If you make me an exception to the rule, because I’m special on account of doing podcasts, how do you deal with the fallout from that, when everyone else decides they’re special, too?
(All they have to do is say they need to record meetings, or that they’re also into podcasting, or that they’ve got a similar issue with a camera that they use for work purposes.)
If you block everyone else, forcing them to change, but let me off the hook so that I really am special, what then?
As Ross warns:

Insider threats are a concern for all organisations.

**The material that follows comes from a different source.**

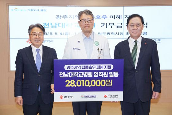 전남대병원 임직원들은 갑작스러운 집중호우로 피해를 입은 시민들을 돕기 위해 자발적으로 참여해 성금 2801만원을 모았다. 이 성금은 광주사회복지공동모금회를 통해 광주지역 집중호우 피해 지원 등에 사용될 예정이다.

The first defence is a vigilant management team – employees intent on doing something malicious are often disenfranchised and frustrated.

What to do?

We can see why IBM, an enormous IT company that is itself a giant cloud provider, might want to replace USB drives with ubiquitous network storage, and why such an approach might not only work well, but also be largely obeyed by staff.
But if you have a small business, with a few employees who are sometimes in the office, sometimes at home, and sometimes on the road…
….the convenience of USB drives for temporary backup, or to have around to tide you over internet outages, is probably a baby that you don’t want to throw out with the bathwater.
Worse still, even if you try to ban USB drives outright to save IT effort, you may very well find that you have created yet more IT effort to make sure you sometimes detect but sometimes allow all the “edge cases” such as audio recorders, cameras, and so on.
So, here are some tips that avoid the need for an outright ban on anything:

To finish off with some board-level advice from Ross:

Visibility in computer security is vital. By having reporting tools for content sharing, CISOs can help senior management understand the risks and benefits of allowing sharing methods, whether they’re USB drives or cloud services.